While our bond strategies have changed to capture additional yield,
our stock holdings have not changed. Stock market optimism has
improved from elevated levels, and we’ll continue to remain patient
until this subsides further.
Once the American election is over, the market’s relative state of
calmness will also be over. Europe and Greece and Spain will once
again make headlines, as will the pending American fiscal cliff. In
short, prepare yourself for a year-end market frenzy – up or down.
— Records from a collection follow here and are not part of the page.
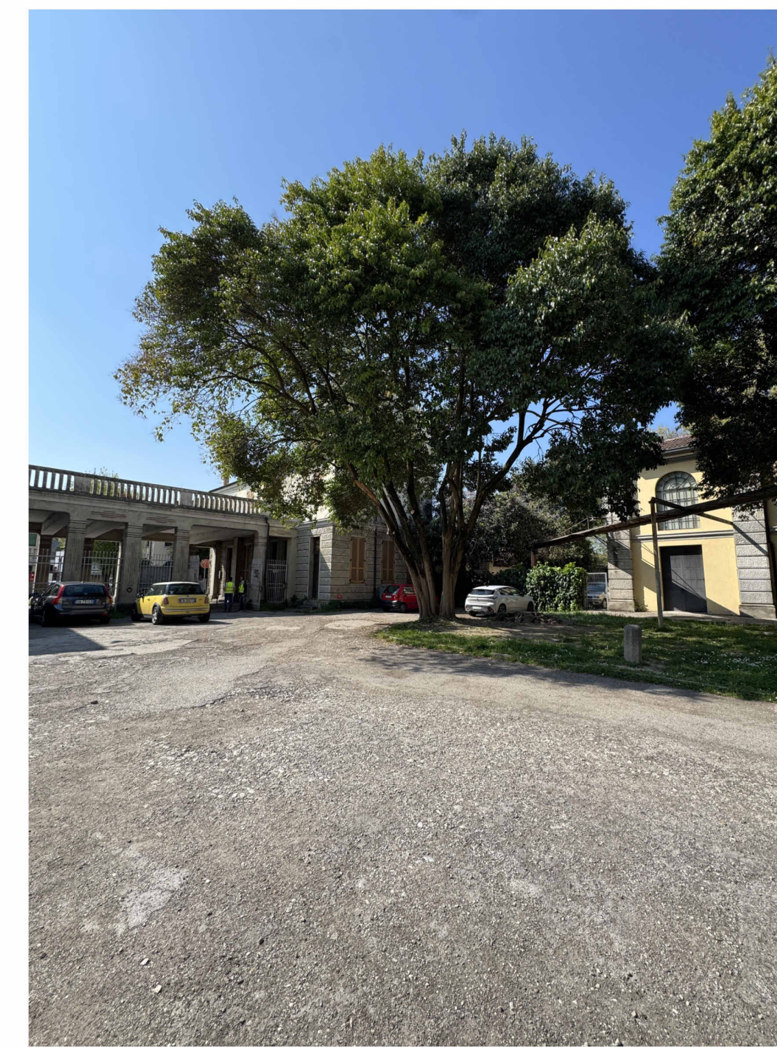
IMMAGINE AREA ESTERNA GIARDINO INTERNO

NOTA: LA RIQUALIFICAZIONE L'EDIFICIO A SARÀ OGGETTO DI UN FUTURO STRALCIO.
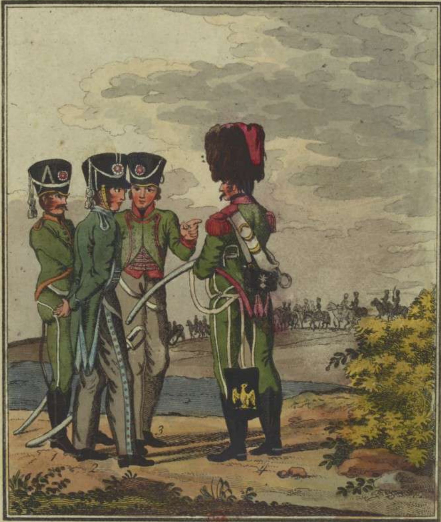
1. 2. 3. Chasseurs à cheval du 12 me 19 me & 27 me régiment. 4. Chasseur à cheval d'Elite du 6 me régim.
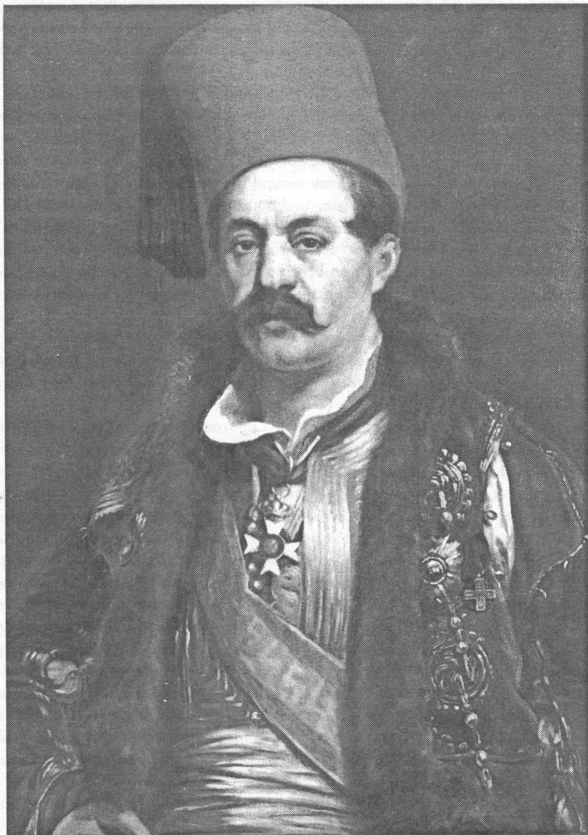
Ιωάννης Κωλέττης , ο πρώτος εκλεγμένος Πρωθυπουργός του ελεύθερου ελληνικού κράτους.

Ελαιογραφία. Εθνικό Ιστορικό Μουσείο, Αθήνα.
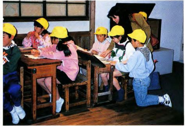
昔の教室を体験する古谷小学校の児童
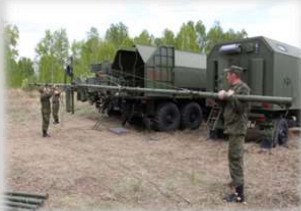
Преодоление зараженного участка
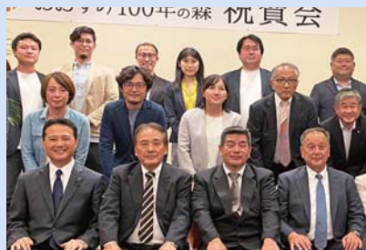
林業振興団体のNPO法人「おすみ100年の森」設立祝賀会
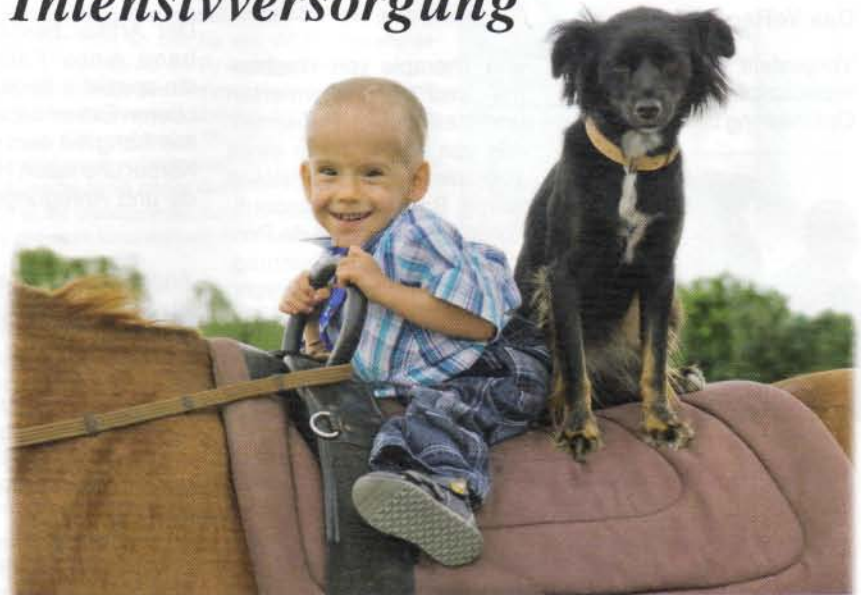
Abb. 1a: Tiergestützte Therapie ist ein wichtiger Bestandteil des VeRegO-Konzeptes

Die Notwendigkeit, Änderungen in den therapeutischen Strategien zu bewirken, führte zur Entwicklung des VeRegO-Konzeptes. Als ganzheitliches transdisziplinäres Konzept bietet es effiziente und leicht anwendbare Therapieansätze für die Arbeit mit schwerst neurologisch geschädigten Patienten auf dem Weg von der Intensivstation bis zur Rückkehr ins häusliche Umfeld – auch unter außerklinisch-intensivmedizinischen
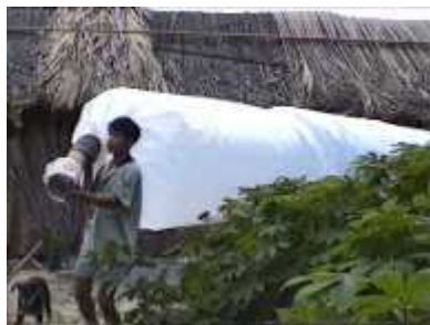
Photo 39. Transport du digesteur

Ensuite, il est nécessaire de remplir d'eau le digesteur jusqu'à ce que les tubes d'entrée et de sortie soient parfaitement recouverts d'eau (à l'intérieur du digesteur). L'air est maintenant piégé à l'intérieur du digesteur et l'on peut retirer les films de plastique à l'entrée et à la sortie du digesteur.
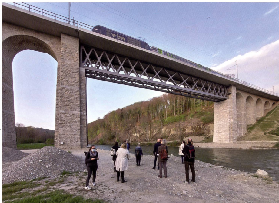
▲ 1 Beim Saaneviadukt in Gümmenen erhielten die Besucherinnen und Besucher spannende Einblicke in die Geschichte des Bauwerks und die ingenieurtechnisch anspruchsvollen Sanierungsarbeiten.

des Heimatschutzes, Matthias Zuckschwerdt, und die Inventarisatorin des Inventars der schützenswerten Ortsbilder der Schweiz (ISOS), Giuliana Merlo, dem komplexen Thema Ortsbildschutz annahmen. Den interessierten Teilnehmerinnen und Teilnehmern wurde erläutert, aufgrund welcher Qualitäten ein Ortsbild ins ISOS aufgenommen wird. Die beiden Referierenden zeigten auch auf, worauf bei Um- und Neubauten innerhalb eines schützenswerten Ortsbilds zu achten ist, wie ortsbauliche Strukturen erhalten und eine «Ausfransung» des Ortsrands verhindert werden kann.
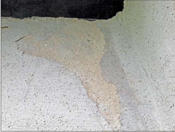
Putsbortfall på norra sidan, anslutningen sakristia/långhus.

Det fanns en del sprickor i fasaderna och putsbortfall, men skadorna bedömdes inte vara så omfattande att det var aktuellt med en omputsning av kyrkan.
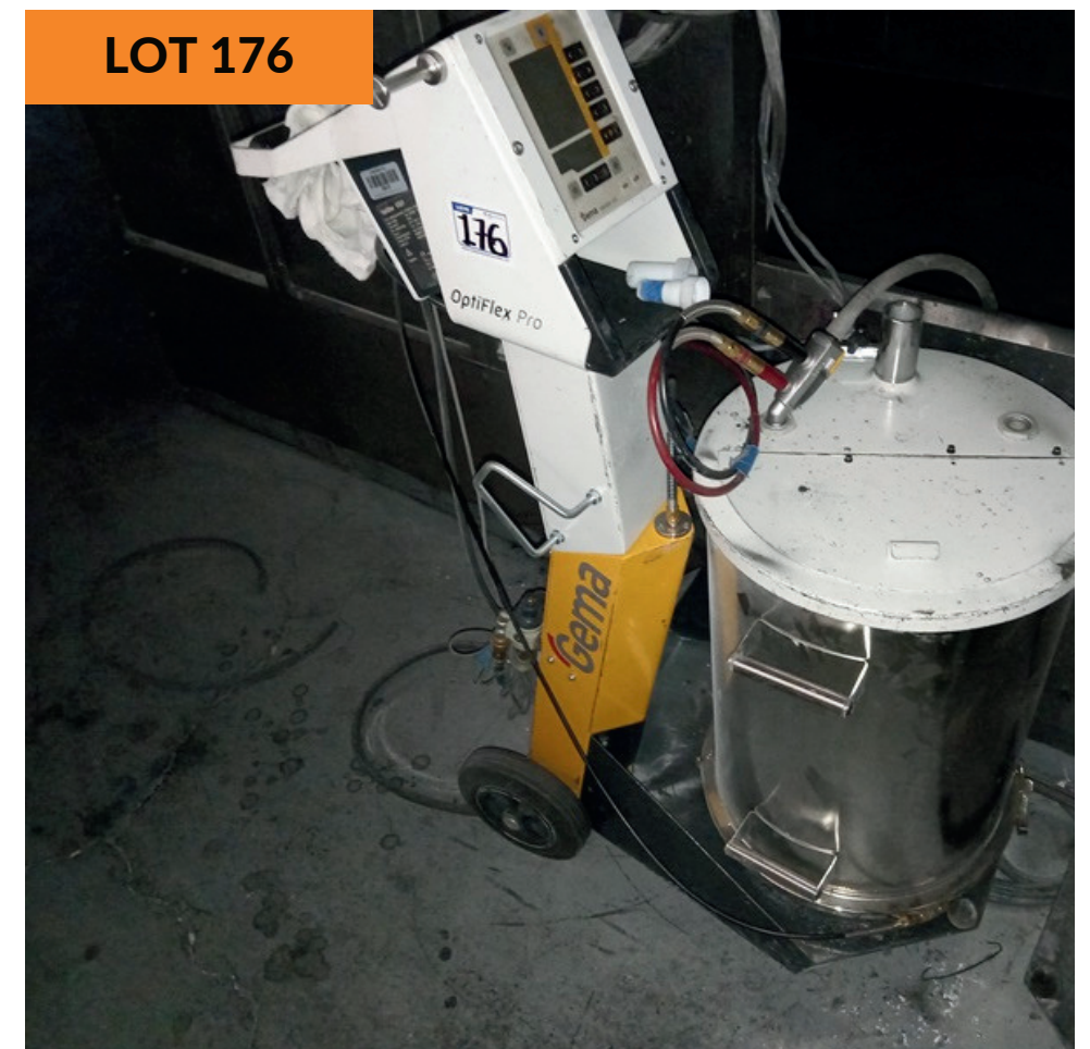
Máquina de recubrimiento de polvo Gema Gema Powder Coating Machine
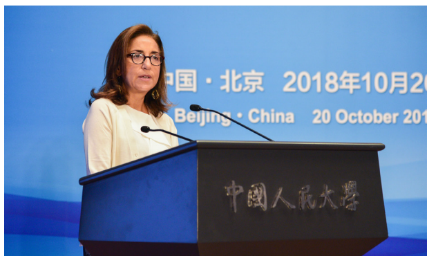
▲ 欧盟委员会教文总司长赛米丝·克莉斯托弗在会议开幕式上致辞，表示中欧人民在文化、教育领域求同存异、合作互利，进一步加深了人文对话和对彼此的了解。

张晋在欢迎辞中表示，在中欧高级别人文交流合作机制作用下，中欧双方不断推进合作，形成了大量丰硕成果。希望双方专家学者充分利用高等教育合作平台，促成更多
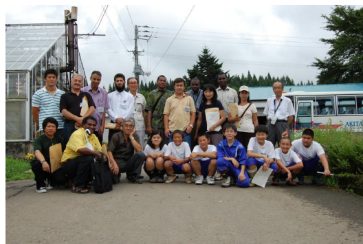
試作センターを訪れた J I C A の方々と記念写真
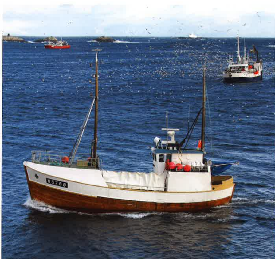
En lengdegrense på 15 meter gir ikke nødvendigvis en riktig begrensning på fangstkapasitet og effektivitet. Like lange fartøy kan utvise store forskjeller i kapasitet og effektivitet!

Mindre notfartøy som ikke trenger dispensasjon for å fiske innenfor fjordlinjene, oppgir at det er uproblematisk for dem å fiske side om side med de store. I enkelttilfeller kan de faktisk dra nytte av den større flåtens tilstedeværelse ved at de tilføres overskytende fangst. De fleste respondene fra den lokale flåten var i utgangspunktet motstandere av dispensasjonsadgangen, både som følge av mindre plass og mulige redskapskonflikter, samt usikkerhet rundt notflåtens bifangst av hvitfisk. En påpekte imidlertid fordelene ved at det nå unngås at sild dør ned i trange fjorder, med de følger det har for bunnfauna og øvrig liv i fjorden. Kjøperne av hvitfisk i området som vi intervjuet så ingen direkte betydning av dispensasjonen for egen del, men var opptatt av sildnotflåtens etterlevelse av bifangstreglene i sildefisket.

Going forward, the key will be whether America falls into recession. If
it does, financial markets will react to the negative side. If not, we
continue to see near-term opportunities in short duration credit as
well as within equities.
The potential for Europe’s crisis to deteriorate even further is alive
and well. In just a few short days, Greece will need another bailout.
Meanwhile, everyone waits to see exactly when Spain requests their
bailout. The waiting game continues.
Regarding gold bullion, we continue to hold it in our portfolios which
naturally allows us to sleep very well at night.
As always, we’d be pleased to speak with anyone about our
investment management capabilities. As well, we encourage you to
share our global market outlook with those who you think may find it
of interest.
Please feel free to contact:
John Corney at johncorney@IceCapAssetManagement.com or
Keith Dicker at keithdicker@IceCapAssetManagement.com.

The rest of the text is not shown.